### DIRECTIONS
Excluding images, repeat the data exactly as given.

### DATA SUPPLIED

========

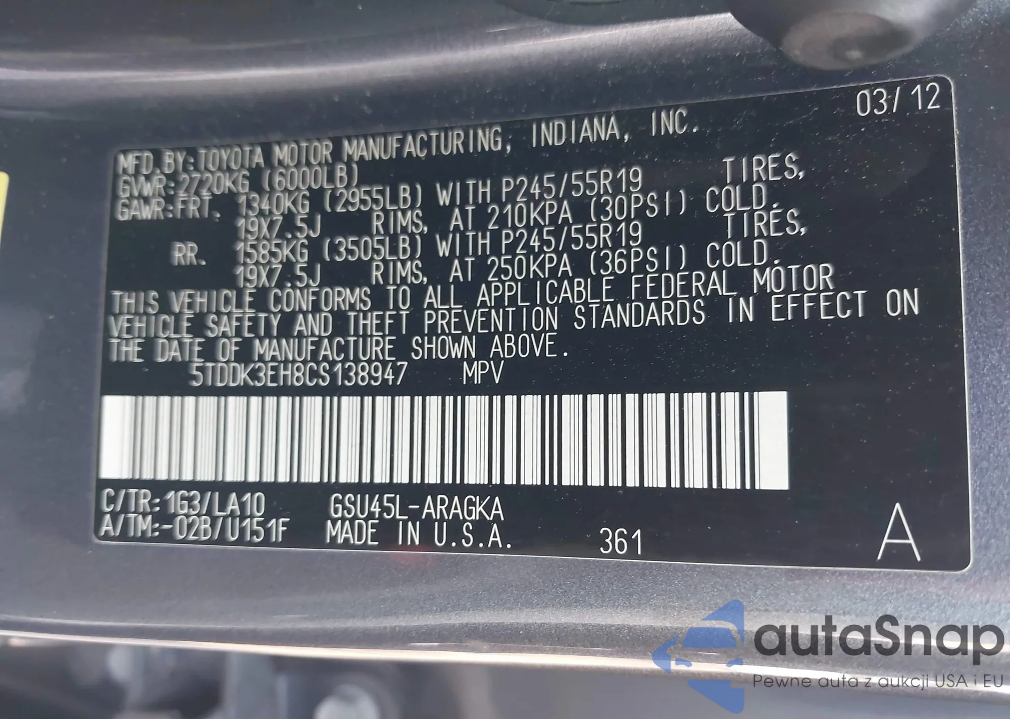 VIN: 5TDDK3EH8CS138947
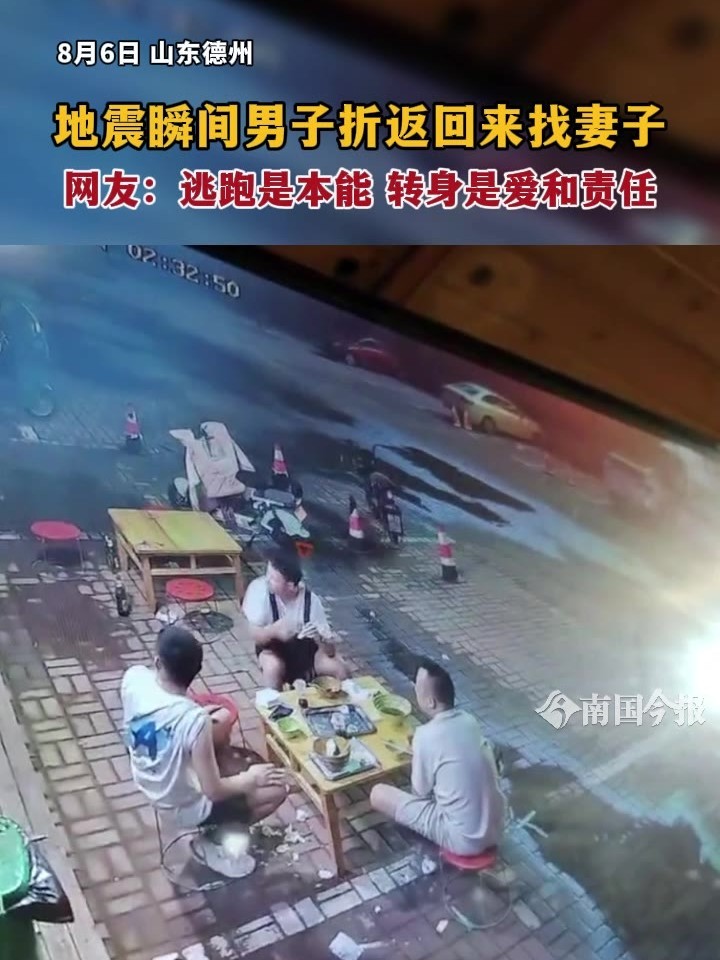地震瞬间男子折返回来找妻子!网友:逃跑是本能,转身是爱和责任
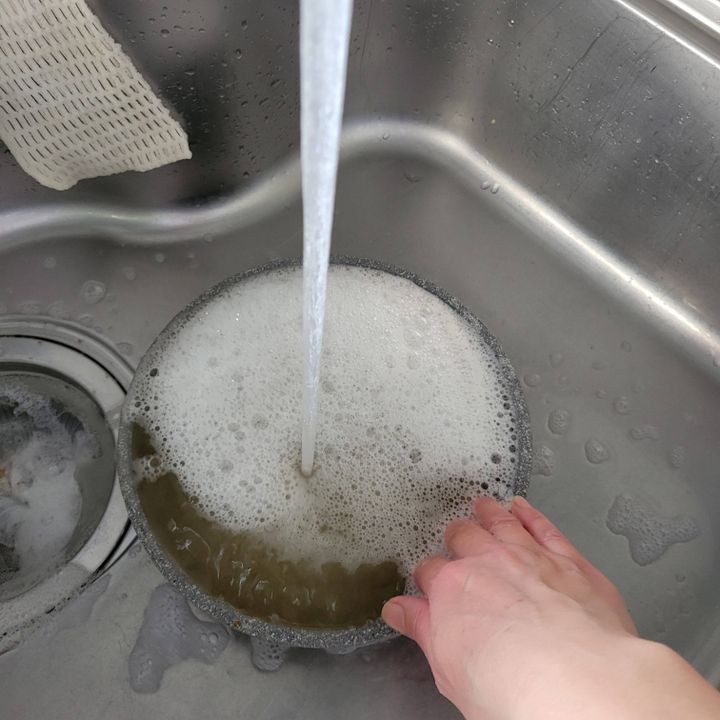 できたらお湯で洗うと短時間で済みます。これだけで9割は汚れが落ちているので、仕上げに私はあみたわしでくるくるっと2〜3回お湯で回し洗いします。
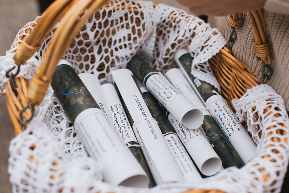 Die beiden heirateten kirchlich inmitten von München und feierten ihre Hochzeit im Aschbacher Hof. Wer den Aschbacher Hof kennt….das ist jetzt nicht gerade 2x um die Ecke innerhalb Münchens. Man muss folglich über die A8 in Richtung Salzburg. Und wer die A8 kennt, weiß… dies kann zu gewissen Zeiten und Tagen sehr heikel werden, grade unter Zeitdruck. Habt daher bei längeren Autofahrten zwischen Locationwechseln immer einen Plan A, wie ihr alle Gäste und auch eure Dienstleister dort hinführt. Und mein Rat für euch: Auch einen Plan B! Warum erzähle ich das euch? Zu dieser Zeit im letzten Oktober gab es unheimlich viele Baustellen (gut, die gibt es auch sonst) und insbesondere auch Straßensperrungen. Isabella & Thomas hatten für all ihre Gäste einen Fahrplan gedruckt und diesen zur Trauung verteilt. Dieser Fahrplan beinhaltete eine Route fern ab der Autobahn. Problem? Eine Straßensperrung, die leider auch in Google nicht registriert war. Dies fiel den beiden jedoch nur auf, da sie am Tag vor ihrer Hochzeit im Aschbacher Hof den Weg nochmal abgefahren sind. Kurzerhand wurde der Plan umgeworfen, neu geschrieben, neu gedruckt und alle Gäste (einschließlich mir) haben den Weg zum Aschbacher Hof problemlos ohne Stau und Straßensperrungen gefunden.
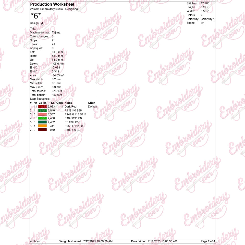 The Poinsettia Floral Christmas Embroidery Design captures the timeless elegance of the holiday season with intricate detail and expert craftsmanship. Featuring the classic poinsettia flower, this design uses finely detailed petals and rich textures to evoke the festive spirit. Perfect for enhancing holiday decor, garments, or gifts, it combines traditional charm with versatile application. The design's precise stitch patterns ensure durability and a refined finish, suitable for both experienced embroiderers and those seeking a professional-quality result. Its balanced composition and festive motif make it an ideal choice for adding a sophisticated seasonal touch to any embroidery project.
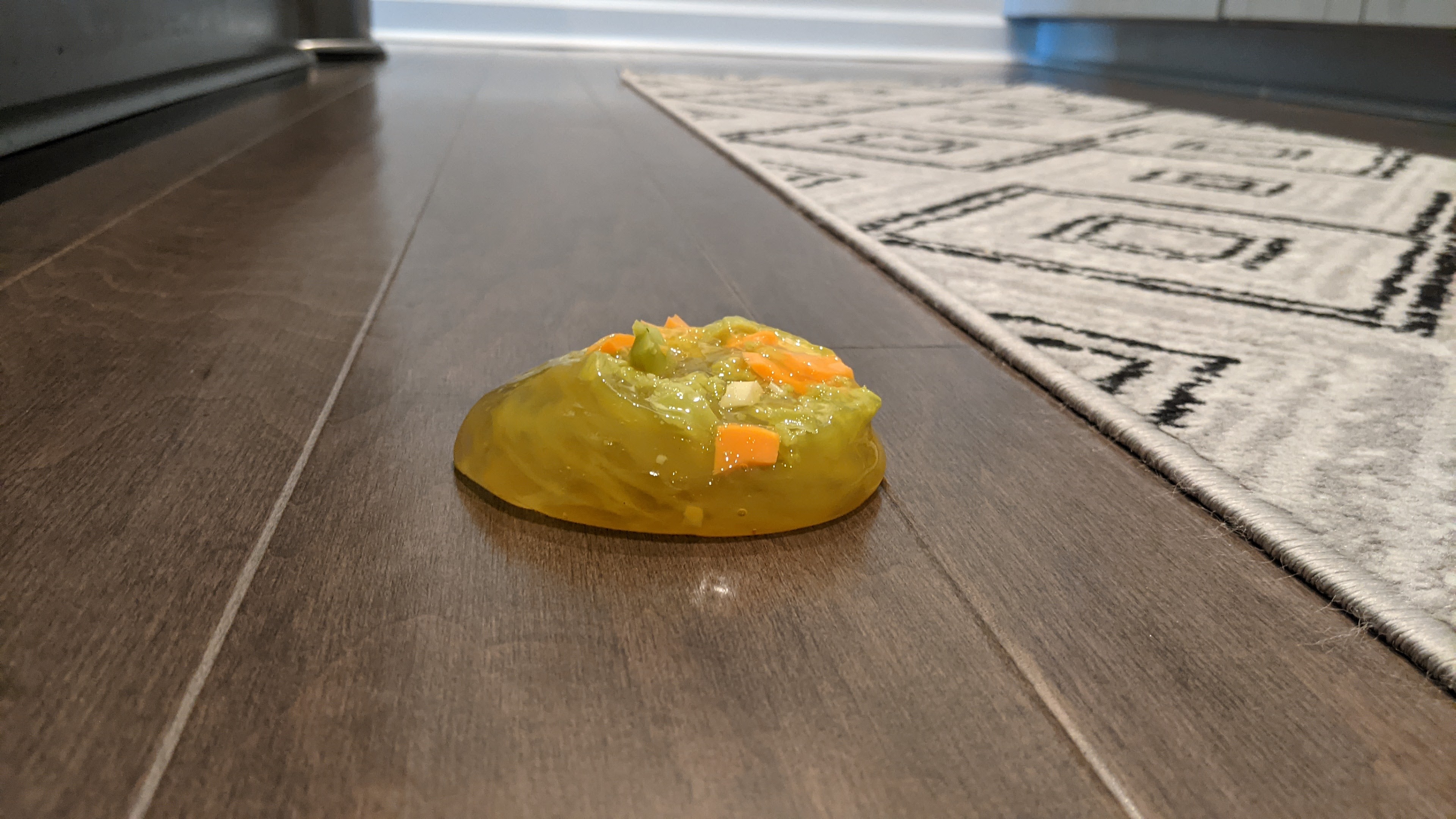 I brought some home this weekend and bided my time, looking for the perfect moment to enact my plan — wait until Jaclyn was gone and Miles was preoccupied, dump this vile substance on the floor somewhere, then wait for Jaclyn to discover it and blame Miles. This morning, when Jaclyn left to pick up breakfast and Miles was watching Paw Patrol, I found my chance.
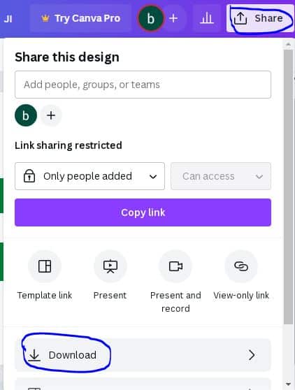 ক্যানভাতে যে কোন লোগো ডিজাইন করার পরে, আপনি সহজেই হাই কোয়ালিটি ডাউনলোড করতে পারবেন। লোগো তৈরির পরে ডাউনলোড করার জন্য আপনাকে ক্যানভার ড্যাশবোর্ডের ডান পাশে Share নামে অপশন পেয়ে যাবেন।
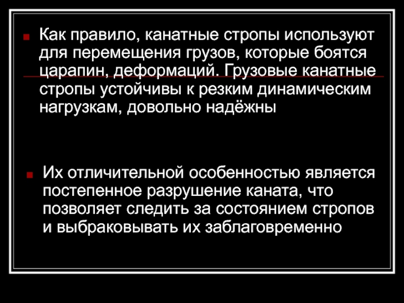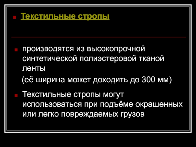 Слайд 25Текстильные стропы устойчивы к агрессивному воздействию окружающей среды, мало подвержены
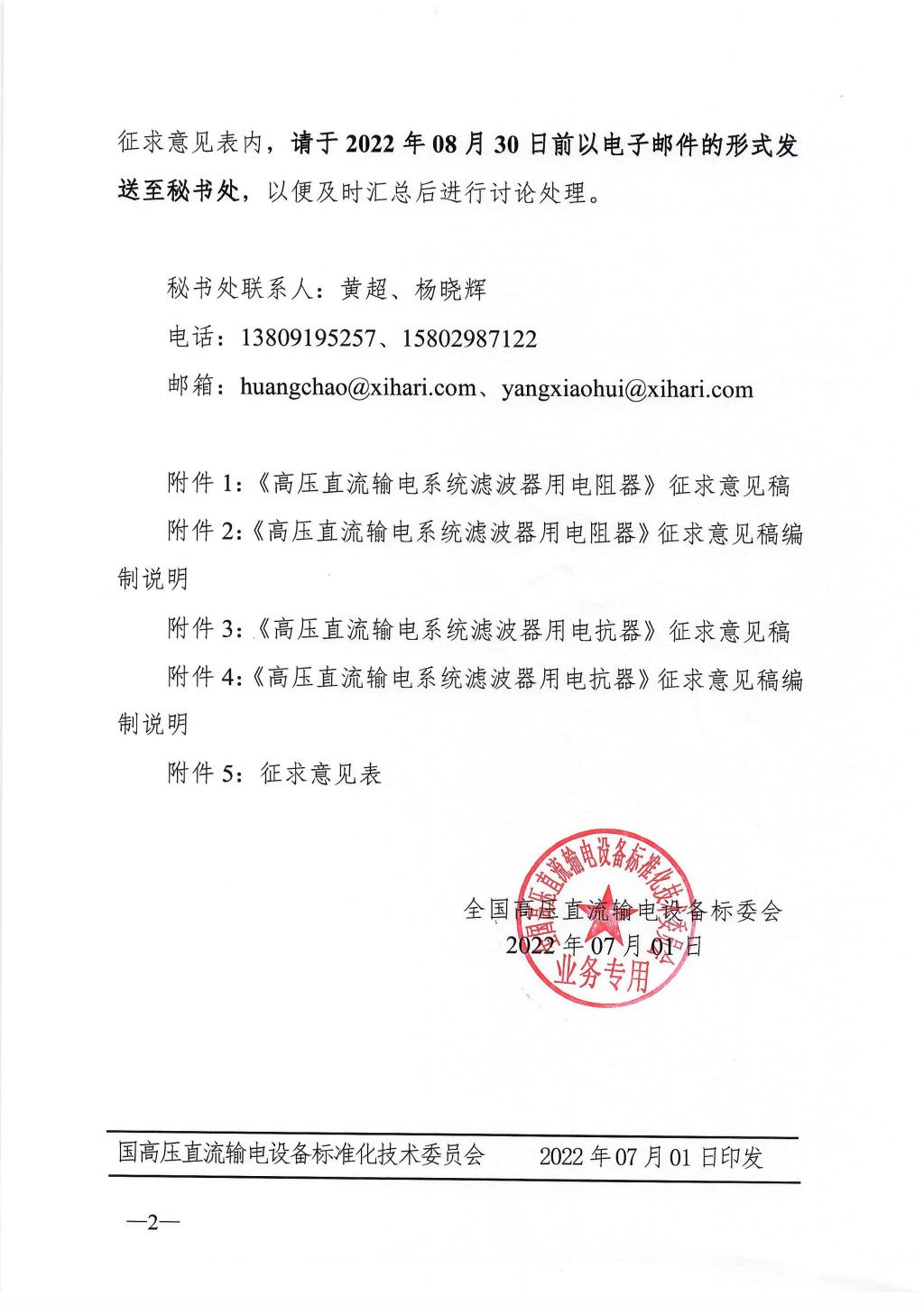 关于《高压直流输电系统滤波器用电阻器》、《高压直流输电系统滤波器用电抗器》两项标准征求意见的通知

========

### ANSWER FOR THE TASK
 VIN: 5TDDK3EH8CS138947
地震瞬间男子折返回来找妻子!网友:逃跑是本能,转身是爱和责任
 できたらお湯で洗うと短時間で済みます。これだけで9割は汚れが落ちているので、仕上げに私はあみたわしでくるくるっと2〜3回お湯で回し洗いします。
 Die beiden heirateten kirchlich inmitten von München und feierten ihre Hochzeit im Aschbacher Hof. Wer den Aschbacher Hof kennt….das ist jetzt nicht gerade 2x um die Ecke innerhalb Münchens. Man muss folglich über die A8 in Richtung Salzburg. Und wer die A8 kennt, weiß… dies kann zu gewissen Zeiten und Tagen sehr heikel werden, grade unter Zeitdruck. Habt daher bei längeren Autofahrten zwischen Locationwechseln immer einen Plan A, wie ihr alle Gäste und auch eure Dienstleister dort hinführt. Und mein Rat für euch: Auch einen Plan B! Warum erzähle ich das euch? Zu dieser Zeit im letzten Oktober gab es unheimlich viele Baustellen (gut, die gibt es auch sonst) und insbesondere auch Straßensperrungen. Isabella & Thomas hatten für all ihre Gäste einen Fahrplan gedruckt und diesen zur Trauung verteilt. Dieser Fahrplan beinhaltete eine Route fern ab der Autobahn. Problem? Eine Straßensperrung, die leider auch in Google nicht registriert war. Dies fiel den beiden jedoch nur auf, da sie am Tag vor ihrer Hochzeit im Aschbacher Hof den Weg nochmal abgefahren sind. Kurzerhand wurde der Plan umgeworfen, neu geschrieben, neu gedruckt und alle Gäste (einschließlich mir) haben den Weg zum Aschbacher Hof problemlos ohne Stau und Straßensperrungen gefunden.
 The Poinsettia Floral Christmas Embroidery Design captures the timeless elegance of the holiday season with intricate detail and expert craftsmanship. Featuring the classic poinsettia flower, this design uses finely detailed petals and rich textures to evoke the festive spirit. Perfect for enhancing holiday decor, garments, or gifts, it combines traditional charm with versatile application. The design's precise stitch patterns ensure durability and a refined finish, suitable for both experienced embroiderers and those seeking a professional-quality result. Its balanced composition and festive motif make it an ideal choice for adding a sophisticated seasonal touch to any embroidery project.
 I brought some home this weekend and bided my time, looking for the perfect moment to enact my plan — wait until Jaclyn was gone and Miles was preoccupied, dump this vile substance on the floor somewhere, then wait for Jaclyn to discover it and blame Miles. This morning, when Jaclyn left to pick up breakfast and Miles was watching Paw Patrol, I found my chance.
 ক্যানভাতে যে কোন লোগো ডিজাইন করার পরে, আপনি সহজেই হাই কোয়ালিটি ডাউনলোড করতে পারবেন। লোগো তৈরির পরে ডাউনলোড করার জন্য আপনাকে ক্যানভার ড্যাশবোর্ডের ডান পাশে Share নামে অপশন পেয়ে যাবেন।
 Слайд 25Текстильные стропы устойчивы к агрессивному воздействию окружающей среды, мало подвержены
 关于《高压直流输电系统滤波器用电阻器》、《高压直流输电系统滤波器用电抗器》两项标准征求意见的通知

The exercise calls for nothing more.